Dickens began his most famous novel with the line, "It was the best of times, it was the worst of times."  Truer words were never spoken as it relates to the market for financing business acquisitions.

 

On one hand, a spike in loan losses has forced big names like CIT, UPS Capital, and Small Business Loan Source to either shut down business acquisition lending departments, or close up shop entirely.  On the other hand, President Obama's $730 million stimulus appropriation to the SBA should improve access to capital almost immediately.  Several new policy recommendations reaffirm Congress's commitment to the 7(a) and 504 programs.

 

On a more foreboding note, SBA recently announced a limitation on the financing of Goodwill (we'll get to this issue later). 

 

Focusing on the positive, President Obama's American Recovery and Reinvestment Act of 2009 gives SBA a much needed shot in the arm.  Specifically, the new law appropriates $730 million dollars of additional funding for SBA's programs.  Two of the recommended changes directly impact business acquisition lending and include: 

 

1.   Depending on the loan size, SBA's fee usually equals around 3% of the total loan amount.  Elimination of this fee will significantly reduce transaction costs related to acquiring a business.

2.   Increased of the guarantee percentage from 75% to 90%

This rule applies only to standard SBA 7(a) applications (the Express LOC program retains its 50% guarantee), and requires Certified Lender Program processing.  Lenders may still submit loan requests under the Preferred Lender Program (expedited approval) when seeking a 75% guarantee, only. 

 

Both new policies will have a significant, positive long-term impact on financing for business acquisition.  The fee subsidy might be used as a selling point to bridge the (inevitable) price gap between buyers and sellers.  The higher guarantee percentage will certainly help bridge the collateral gap between buyer and lender on deals heavily loaded with going concern value.

 

In what appears to be a one step forward, two steps back approach to serving small business, SBA recently capped the use of proceeds allocation for Goodwill.  SBA will now limit the amount of Goodwill financed under its 7(a) loan guarantee program to $250,000, or 50% of the loan amount, whichever is less.

 

The SBA writes: 

(1).   If the purchase price of the business includes goodwill (or "blue sky"), the lender should explore seller-financing with a subordinate lien to the SBA-guaranteed loan. 

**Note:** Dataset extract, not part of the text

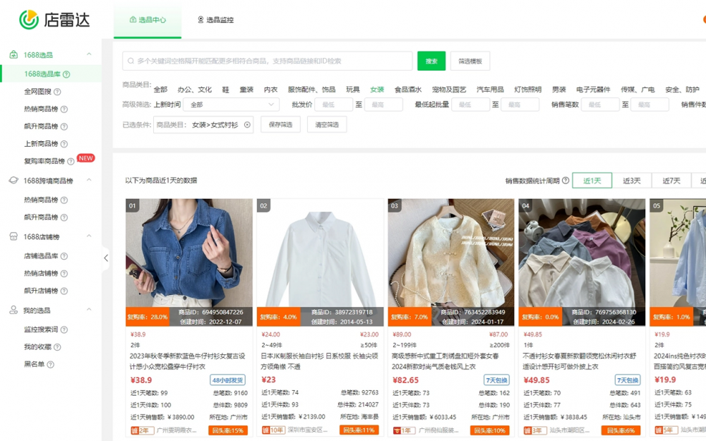 2. 店雷达提供1688热销、飙升、上新等多种商品榜单,助力挖掘市场受欢迎和潜力品的高效选款跟款,紧跟市场潮流;进行推广和销售。

(2).   The lender may finance a limited amount of goodwill.  In no event may the amount of goodwill financed by an SBA guaranteed loan exceed 50% of the loan amount up to a maximum of $250,000.

After hearing pushback from lender and broker groups across the country(spearheaded locally by ROI), SBA agreed to reconsider its position.  Late Friday it announced that exceptions to the above rule would be considered on a case by case basis. 

 

SBA conceded that, for loan applications where the request for 7(a) financing of goodwill exceeds the limits set in SOP 50 10 5(A) because the buyer and/or the seller are unable to finance the amount of goodwill that exceeds the SOP limit, the lender may submit the application to the Standard 7a Loan Guaranty Processing Center (LGPC) for SBA's consideration. 

 

What does this mean for buyers and sellers?  At this stage it's hard to tell.  Clearly we are in a less certain place than we were prior to announcement of the cap.  At the moment, SBA has not answered exactly how it will absorb what will certainly be a flood of standard 7(a) applications.  Also, the procedure change could not come at a worse time as it relates to SBA's capabilities.  A recent effort to streamline the SBA 7(a) program has been incredibly effective at reducing staff levels.  Finally, no guidance has been given as it relates to what factors will govern approval or decline of requests for cap exceptions. 

 

The bottom line is that, for transactions with Goodwill allocations over $250,000, higher levels of seller financing, and longer lead times are certainly expected.  Setting realistic expectations will become an even more critical and difficult task.